_Information provided:_
+ + + + +
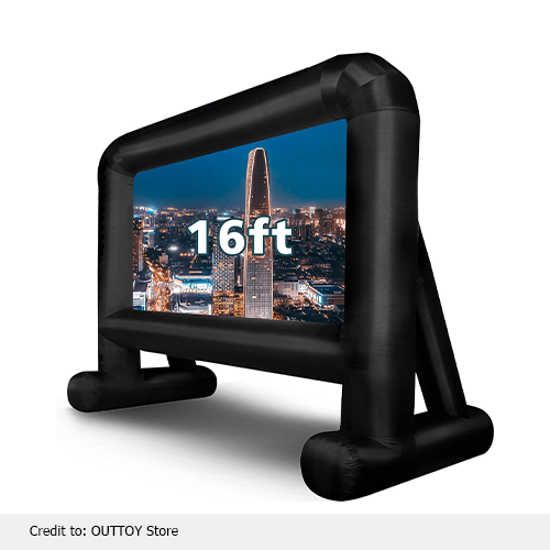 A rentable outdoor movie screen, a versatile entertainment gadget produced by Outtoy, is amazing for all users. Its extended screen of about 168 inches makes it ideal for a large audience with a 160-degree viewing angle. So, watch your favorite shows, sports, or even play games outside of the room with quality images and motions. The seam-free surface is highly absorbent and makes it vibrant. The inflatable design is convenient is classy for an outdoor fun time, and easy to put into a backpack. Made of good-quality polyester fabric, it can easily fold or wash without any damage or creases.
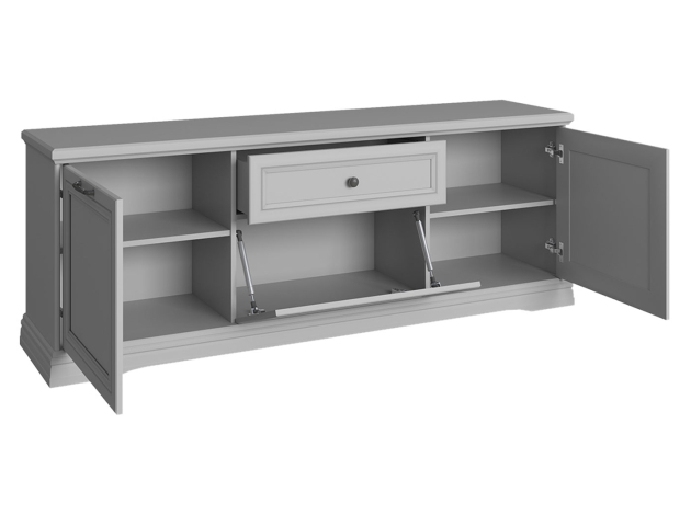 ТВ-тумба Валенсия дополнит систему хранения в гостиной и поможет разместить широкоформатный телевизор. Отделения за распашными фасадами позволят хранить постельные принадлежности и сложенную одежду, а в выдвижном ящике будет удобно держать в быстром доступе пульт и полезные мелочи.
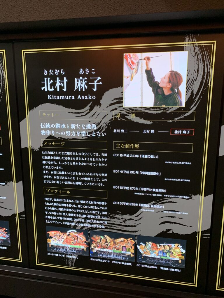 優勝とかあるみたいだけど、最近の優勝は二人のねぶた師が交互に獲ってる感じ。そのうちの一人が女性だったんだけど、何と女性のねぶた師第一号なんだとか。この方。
+ + + + +
_Your instructions:_
A faithful copy is needed of the lines from the one containing "ТВ-тумба Валенсия дополнит" through the last line of the data above, with pictures left out.

_Answer box:_
 ТВ-тумба Валенсия дополнит систему хранения в гостиной и поможет разместить широкоформатный телевизор. Отделения за распашными фасадами позволят хранить постельные принадлежности и сложенную одежду, а в выдвижном ящике будет удобно держать в быстром доступе пульт и полезные мелочи.
 優勝とかあるみたいだけど、最近の優勝は二人のねぶた師が交互に獲ってる感じ。そのうちの一人が女性だったんだけど、何と女性のねぶた師第一号なんだとか。この方。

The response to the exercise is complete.